Auch die bedeutende Maya-Ruinenstätte Chichén Itzá ist für ihre Pyramiden berühmt, die ebenfalls nicht bestiegen werden dürfen. Dennoch haben seit November mindestens eine Frau und zwei Männer die steilen Steintreppen der Hauptpyramide Kukulkán auf der Halbinsel Yucatán erklommen. Beamte holen sie wieder herunter. Empörte Besucher beschimpfen die Touristen daraufhin und versuchen, sie zu schlagen und mit Flaschen zu bewerfen. Chichén Itzá ist seit 1988 Weltkulturerbe der Unesco und eine der wichtigsten Stätten Mexikos.

USA

Parkhüter in dem für seine Geysire, Grizzlybären und Bisonherden berühmten Yellowstone-Nationalpark mahnen Urlauber an, von Wildtieren Abstand zu halten. Dennoch verursacht ein Tourist aus Hawaii im Mai den Tod eines Bison-Kälbchens. Er hat das Neugeborene an einem Fluss aufgelesen und dabei angefasst.
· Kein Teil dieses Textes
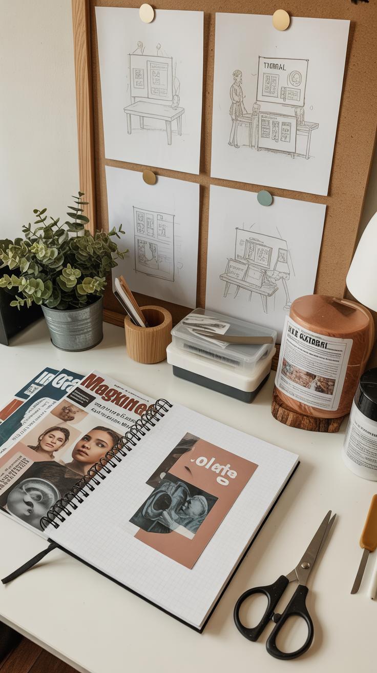 Begin by thinking about what you want to express. Don’t overthink it; just start collecting images or textures that catch your eye. Lay them out loosely before you glue anything down. This part is like a puzzle—see how elements interact visually or conceptually.

Das Tier wird von seiner Herde verstossen und muss eingeschläfert werden. Die Parkverwaltung brummt dem Mann eine Strafe von über 1000 Dollar (910 Euro) auf. Für solch ignorante Besucher gibt es in der Region bereits eine Wortschöpfung: «Tourons» (aus «Touristen» und «Morons/Idioten»). Auf der Instagram-Seite «Tourons of Yellowstone» sind Hunderte Fotos und Videos zu sehen, in denen Urlauber-Fehlverhalten blossgestellt wird.

Frankreich

In Paris quartieren sich Touristen statt im Hotel gerne in Airbnb-Apartments ein – und nehmen dann keinerlei Rücksicht auf die Langzeit-Bewohner der übrigen Wohnungen. «Sie machen zu jeder Tageszeit und nachts Krach mit ihren Rollkoffern und organisieren Partys, und es ist ihnen egal, wenn wir sie bitten, etwas leiser zu sein», zitiert die Wochenzeitung «JDD» kürzlich eine wütende Wohnungseigentümerin.
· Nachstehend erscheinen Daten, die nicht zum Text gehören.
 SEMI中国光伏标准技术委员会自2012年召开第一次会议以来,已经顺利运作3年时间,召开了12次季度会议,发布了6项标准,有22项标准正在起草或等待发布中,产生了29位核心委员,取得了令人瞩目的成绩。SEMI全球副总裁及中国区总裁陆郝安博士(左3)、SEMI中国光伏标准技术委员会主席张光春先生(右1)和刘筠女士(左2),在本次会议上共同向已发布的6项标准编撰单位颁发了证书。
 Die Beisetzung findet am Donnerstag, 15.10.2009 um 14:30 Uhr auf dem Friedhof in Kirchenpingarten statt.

Ausserdem liessen die Feriengäste überall im Gebäude Müll zurück. Die Stadtverwaltung hat längst strikte Regeln für das Vermieten von Touristenquartieren erlassen und nimmt auch regelmässig Kontrollen vor. Manche Vermieter weisen ihre Gäste deshalb laut «JDD» an, einfach nicht die Türe zu öffnen.

Malaysia

In der Hauptstadt Kuala Lumpur wird derzeit das zweithöchste Gebäude der Welt gebaut: Der 678,9 Meter hohe Wolkenkratzer Merdeka 118. Vor der offiziellen Eröffnung, die für Ende des Jahres geplant ist, gilt für Unbefugte: Betreten strengstens verboten. Dennoch schleicht sich ein Touristenpaar aus Russland Ende 2022 in den Turm und klettert auf die Spitze. Fotos der beiden in luftiger Höhe gehen viral – sehr zum Ärger der Behörden.

Peru

In Peru sorgen mehrere Touristen 2020 für Empörung, als sie sich illegal Zutritt zu der Inka-Ruine Machu Picchu verschaffen, einen Stein aus einer Mauer brechen und in der Ruinenstadt sogar ihre Notdurft verrichten. Fünf Touristen aus Chile, Frankreich, Brasilien und Argentinien werden festgesetzt und abgeschoben. Der mutmassliche Haupttäter muss sich in Peru wegen Beschädigung von kulturellem Erbe verantworten. Täglich besuchen bis zu 4000 Touristen die Welterbestätte. Archäologen und die Unesco fordern schon länger, die Zahl der Besucher deutlich zu senken.